Installation is the stage where a well-built line either starts running like clockwork or turns into a source of constant problems. Haste, inaccurate foundations and uncoordinated utilities lead to vibration, misalignment and unscheduled repairs. Quality installation is no less important than the manufacture of the equipment itself, because even a perfectly built machine installed with a tilt will run worse than a mediocre one installed correctly. This article breaks the installation process into stages and gives realistic timing.

Site preparation

Installation begins long before the equipment arrives.
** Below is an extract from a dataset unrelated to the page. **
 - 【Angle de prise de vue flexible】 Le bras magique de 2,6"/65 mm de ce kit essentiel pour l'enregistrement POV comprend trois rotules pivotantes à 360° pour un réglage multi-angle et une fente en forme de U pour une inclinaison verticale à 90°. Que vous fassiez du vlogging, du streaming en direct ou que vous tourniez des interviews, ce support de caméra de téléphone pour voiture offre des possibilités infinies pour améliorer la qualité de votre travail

We measure the premises, check floor geometry, height to beams, the position of columns and existing utilities. The floor must withstand the equipment load and be level — a deviation of more than 10 mm over 3 metres already requires levelling or adjustable supports. Separately we agree the supply points for electricity, water, compressed air and drainage. If the premises are new, we synchronise the equipment installation schedule with construction work.
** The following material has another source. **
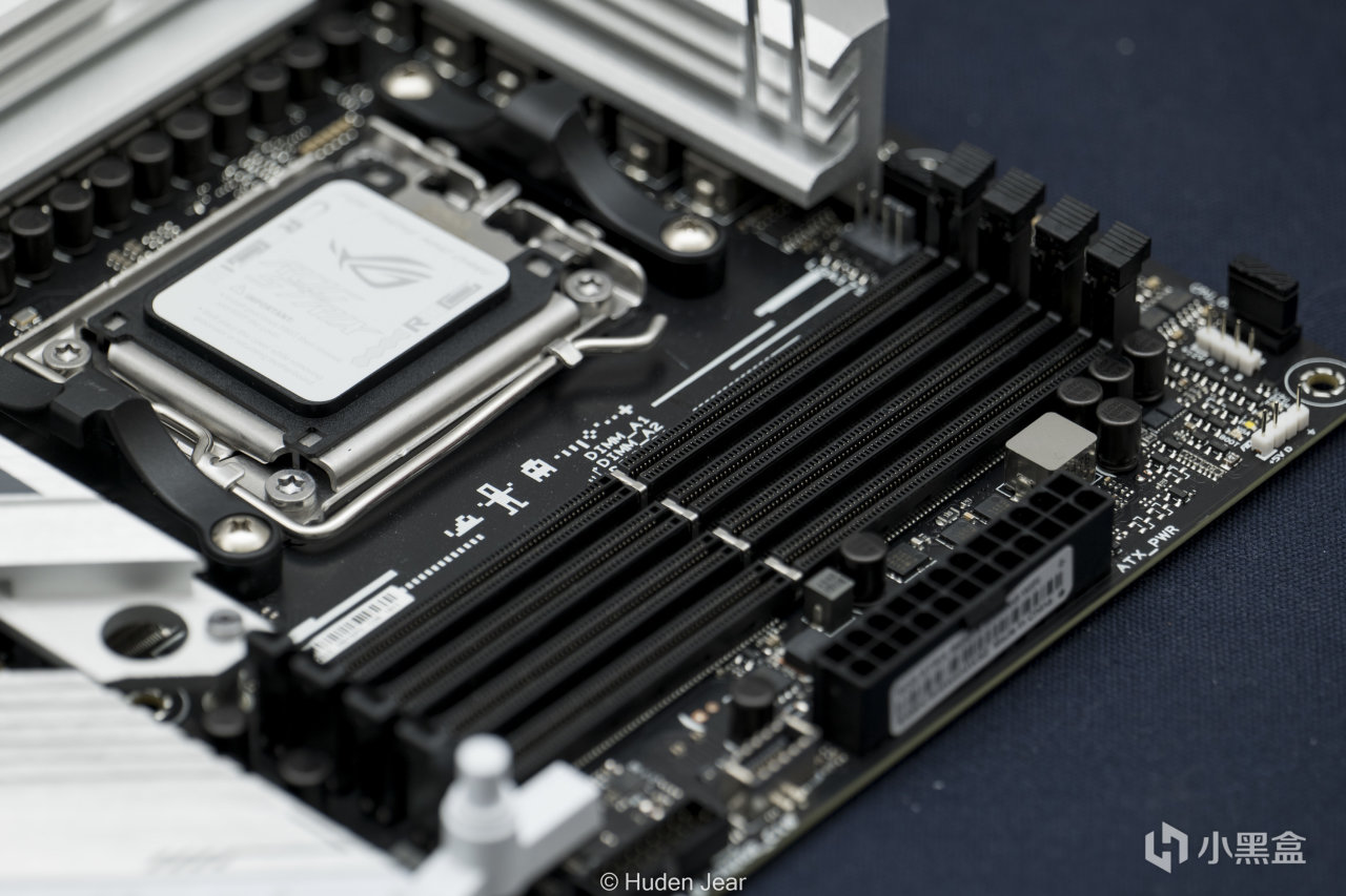 银色的供电散热非常精致,内存插槽使用DDR5内存,是经过强化的单边Qslot

At this stage a layout plan is drawn up — a drawing where each unit of equipment is tied to the building’s axes. The plan accounts not only for the machine dimensions but also for the service zones around them, walkways for staff and trolley routes. A plan error means closely placed equipment that cannot be reached for maintenance. So around each machine we allow technological space sufficient for opening covers, replacing the belt and inspecting the drive.

Foundations and supports

Not all equipment needs foundations, but heavy lines with dynamic loads do. Vibrating equipment, pumps and compressors are placed on separate foundations with vibration isolation so that oscillations are not transmitted to the building and neighbouring machines. Light conveyors and tables rest on adjustable feet, used to level them. Levelling accuracy is critical: a conveyor tilt of 2–3 mm per metre causes belt mistracking and uneven wear.

A foundation for vibrating equipment is calculated separately — its mass must exceed the machine’s mass several times over to damp the oscillations. Between the foundation and the machine vibration isolators are placed: rubber or spring supports selected for the vibration frequency. Without them vibration is transmitted to the floor and “spreads” through the workshop, shaking neighbouring equipment and creating discomfort for the staff.

Installation stages and timing

We break the installation of a medium-complexity line into five stages with approximate timing. Real timing depends on scale — below is a typical line of 6–8 units of equipment.

StageScope of workApproximate timing
PreparationMeasurement, foundations, marking3–5 days
PlacementInstalling equipment per plan, levelling2–4 days
JoiningConnecting conveyors, matching heights and speeds2–3 days
UtilitiesConnecting electricity, water, air, grounding3–5 days
CommissioningNo-load runs, adjustment, test batch3–7 days

Engineer’s tip. What “eats” the most time on installation is not the work itself but waiting — electricity not supplied, floor not ready, a unit not delivered. So we draw up a detailed schedule with people responsible for each item before the start. A day of installer crew downtime costs more than a week of planning.

Joining equipment into a line

Separate machines become a line at the joining stage. Here the heights of product transfer points between conveyors are matched, speeds of adjacent sections synchronised and guides adjusted. An error at a joint is the most common cause of jams and product breakage. We check every transfer point: the product must pass from conveyor to conveyor smoothly, without a drop or impact. Sometimes this requires adding intermediate chutes or changing the installation angle.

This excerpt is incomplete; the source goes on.